A splash of red water—no, a red slime—plummeted from the ceiling, engulfing the researcher’s head.
It happened in an instant. It lunged, snapping its mass around him in a single, voracious gulp.
"Special Equipment D!"
"We can't, sir! We'll hit the researcher!"
"I don't care! He’s already a goner!"
The squad fired the chemical agent. The slime violently shook the researcher's body from the neck down, using him as a shield to dodge the spray. The researcher hit by the chemicals began to sizzle and melt, and a foul, acidic stench filled the air. A muffled scream echoed from deep within the slime’s mass.
A moment later, a dull, squelching sound rang out, and the screaming stopped. The researcher's arms fell limp. The slime dropped the corpse—which now had a gaping hole in its headless back—and vanished back into the shadows of the ceiling.
My colleague... the man I was just chatting with... was dead. He was dead. He was actually dead...
"Dammit! Is it learning?! How is this possible for a mere slime?!"
"Ugh, h-hey, what do we do?"
"It's too dangerous that way. Let's run this way!"
"But that leads to the basement!"
"If the subject is upstairs, the basement is actually the safest place to be!"
Following someone's desperate shout, we fled toward the basement.
Once we were all inside, we slammed the hatch shut. It was airtight; the slime shouldn't be able to follow us through the seal.
The basement was pitch black. All the lighting magic tools had been deactivated. We had to rely entirely on light magic.
"Hey, it's a bit late now, but shouldn't we have used the servants as shields to get outside?"
"They're already wiped out."
"What?"
There should have been four servants on duty. All of them?

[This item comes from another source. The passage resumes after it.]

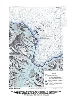 Ice of the Keewatin Lobe of the Laurentide Ice Sheet advanced westward into the Missouri and Yellowstone river valleys. The Glasgow sublobe blocked the Missouri River west of present-day Fort Peck, Montana, and created Lake Jordan and glacial lakes Circle and Lambert were formed to the east. The Yellowstone lobe spread south past Intake, Montana, and formed glacial Lake Glendive. At its maximum the ice may have blocked the Little Missouri River forming glacial Lake Mikkelson.[2] When the ice sheet began to retreat northward, the southwestern margin of abandonment its previous drainages and lakes formed in the depression along the ice margins. Melting of the Shelby and Havre lobes in western Montana led to the retreat of the ice into Alberta. By 16,200 B.C. the ice had created glacial Lake Carmichael in the area of the Cypress Hills. By 15,700 B.C. ice-free conditions may have existed in southwestern Saskatchewan north of Havre, Montana.[3]
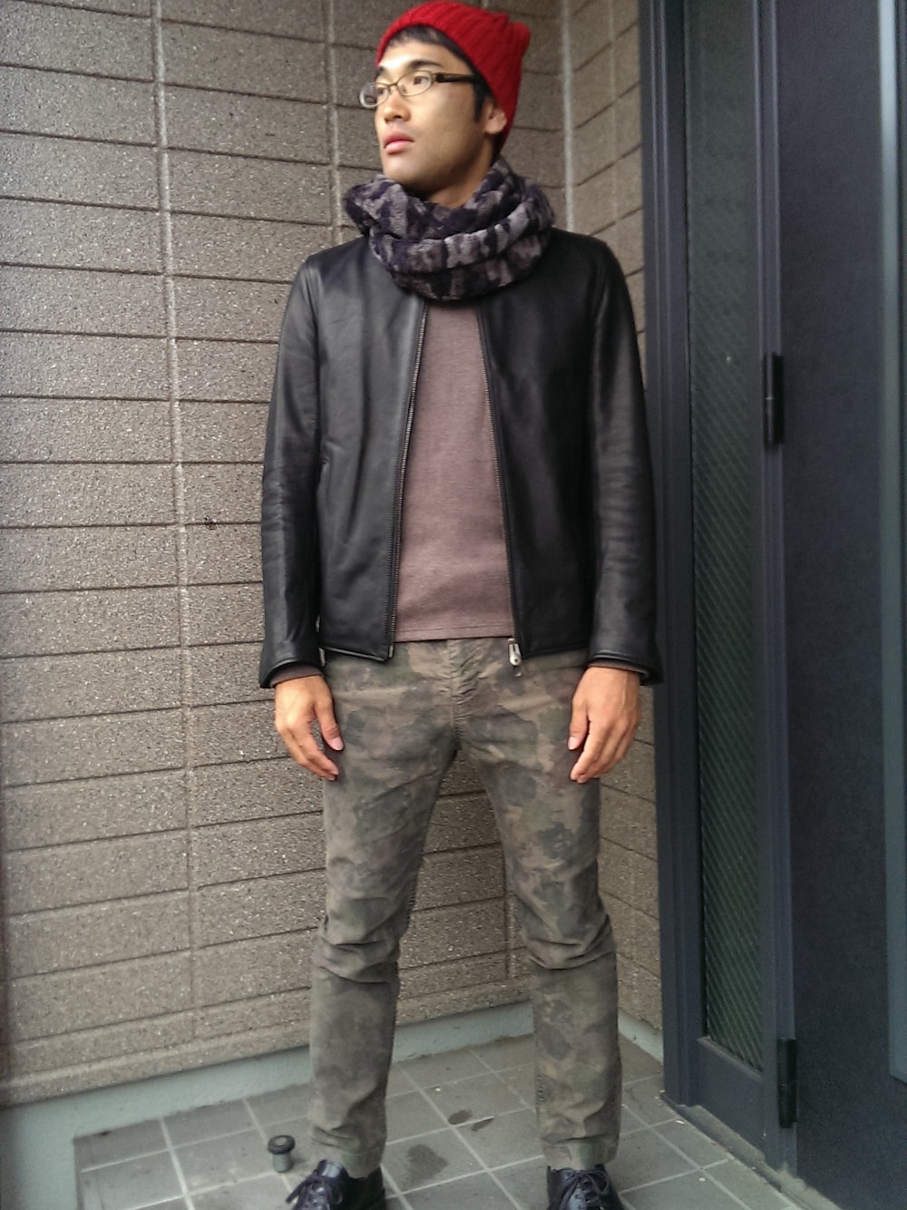 今日は雨が降っているのでMR.OLIVE E.O.Iのレザージャケットとポストマンブーツをチョイス。どちらも撥水加工がされているから雨に濡れても気にせずに使えるのですごくありがたい♪ ジャケットは質感と程よい重さが男心をくすぐります。 ポストマンブーツはソールが分厚く踏み込んだ時の足への負担が少ない作りになっていて、長時間歩いても痛くならないとこが個人的にgood。 泥臭い感じを出したかったのでなるべく黒と茶で色をまとめ、暗くなり過ぎないように赤いニット帽で明るさを加えてみました。

"It hasn't even been five minutes since the alarm went off. How is that possible?"
"Two of them were killed before the alarm even sounded. One was killed right after sounding it, and the last one... he died just after reporting the situation to us and trying to flee."
It seemed the four servants who had been gathered in the break room had literally traded their lives to sound that alarm.
To think that such a massacre was happening right while we were relaxing upstairs...
Present in the room were three researchers and four members of the disposal squad.
The squad members were all clad in protective suits.
"Hey! You have suits for us, don't you?"
"Yeah. Put these on."
"Oh, thank god. I’m glad I didn't have to kill you for them."
The disposal squad captain handed us the suits. With these, at least we wouldn't have to worry about being melted by the slime... or so I thought, until I realized there were only two suits. Wait, what about me?
"Hey! Give me a suit too!"
"Listen. That’s your lab’s slime out there, isn't it? You should be the one taking responsibility."
"What?! If you want to play the blame game, we're in this mess because the disposal squad failed to do its job in the first place!"
"...Fine. Stop shouting. You can have mine."
The captain sighed, stripped off his protective suit, and handed it over.
How sensible. He clearly understood whose life carried more weight here. Admirable, really.
...Ugh, it reeks of sweat. Despite the smell, I couldn't afford to be picky with my life on the line, so I pulled the suit on.
"Hm? ...Wait, wasn't the disposal squad a five-man team?"
"One of us was killed. The thing was hiding inside a protective suit... Keep your eyes peeled. There isn't just one of them. There are at least five. We managed to take down two, but..."
...What? What did he just say?
That meant there were three left?! Three of those monsters?!
"H-H-H-Hey! These suits we just put on... they're safe, right?!"
"Rest assured, we checked the inside of those two before handing them over. I wouldn't have given them to you otherwise."
"Whew... thank goodness."
"No, it's not 'thank goodness'! Were you even listening?! It means there are at least three more of those slimes out there!"
"...At least three, yes."
A heavy silence fell over us. Those blood-red nightmares were currently prowling the halls just beyond the hatch.